Prove there exists some $x_0$ for a differentiable function

Question

A real-valued function $f$ is defined and differentiable on $[a,b]$ ($b-a\geq{4}$). Prove that there exists $x_0 \in (a,b)$ for which $f'(x_0)<1+f^2(x_0)$

On the one hand, the statement resembles very much the classical theorem by Lagrange according to which there exists some $\varepsilon$ for which $f'(\varepsilon)(b-a)=f(b)-f(a)$

Nevertheless, what we have here is an inequality, which is more tricky. The limitation ($b-a\geq{4}$) makes me think that using trigonometry, in this case, might be a good approach, but I have no idea how exactly that could be used.
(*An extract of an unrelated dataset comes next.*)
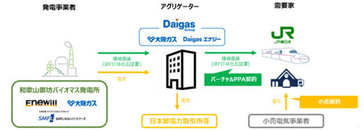 この契約では、エネウィル、大阪ガス、SMFLみらいパートナーズがFIT(固定価格買取制度)で運営してきた和歌山御坊バイオマス発電所を、FIP(フィードインプレミアム)制度へと移行し、同発電所が発電する年間約3.5億kWh分の環境価値を、「非FIT非化石証書」としてJR東日本へ提供するもの。この規模のバーチャルPPAは、単独需要家としては全国最大規模であり、年間約15万トンのCO2削減量は、JR東日本の年間CO2排出量の約8%にあたる。なお、和歌山御坊バイオマス発電所は発電容量5万kW、想定電力量は年間約3.5億kWh、木質ペレットとパーム椰子殻(PKS)が燃料で8月に営業運開した。
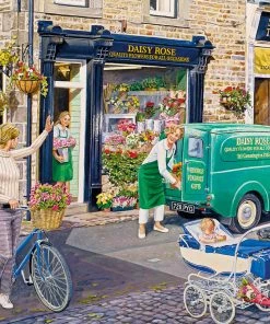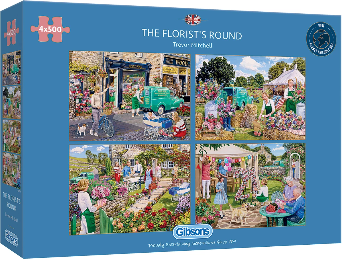 With four 500 piece puzzles in one box, you’ll be taken on a journey with Daisy Rose, the village Florist. First, she must load up her van ready for the day ahead, before making deliveries to her local customers. She ends the day by setting up a gorgeous floral centre piece for Zadie’s 21st birthday party! This beautiful set of 4×500 piece puzzles has been lovingly painted by Trevor Mitchell. This particular painting was inspired by his visit to Grassington in North Yorkshire in October 2019.

Thanks in advance for any hints.

Answer 1

If this is not true we would get $$\frac{f’(x)}{1+f^2(x)}\ge 1$$ for all $x$ in $[a,b]$. Integrating we get $$\frac{\pi}{2}-\left(-\frac{\pi}{2}\right)>\arctan(f(b))-\arctan(f(a))\ge b-a$$ That is $b-a<\pi<4$, so, if $b-a>4$ (or even $b-a\ge \pi$) then there must be some $x_0\in [a,b]$ such that $f’(x_0)<1+f^2(x_0)$.

Answer 2

You can also go a more direct way after recognizing the connection to the tangent function: Consider the function $$ g(x)=\arctan(f(x)), $$ then by the properties of the inverse tangent function, the interval length bound and the mean value theorem there exists some $x_0\in(a,b)$ so that $$ \frac{\pi}4\ge\frac{|g(b)-g(a)|}{b-a}=|g'(x_0)|=\frac{|f'(x_0)|}{1+f(x_0)^2} $$

Answer 3

Clearly scaling the function vertically or horizontally does not affect the question, so assume $a=0, b>4$, and WLOG $f(a)=0$. Let $y=f(x)$ and suppose for contradiction that $\frac{dy}{dx} \ge 1+y^2$ for all $x$ in the interval. Then we have $\frac{dx}{dy} \le \frac{1}{1+y^2}$, and integrating from gives $x \le \tan^{-1}{y}+c$. So $y>\tan{x-c}$. But $x$ varies over an interval of width at least $4\ge \pi$, so there exists some point where $\tan{x-c}$ approaches infinity, and then $y$, being continuous, must also approach infinity and become undefined at the asymptote. This is a contradiction, as desired.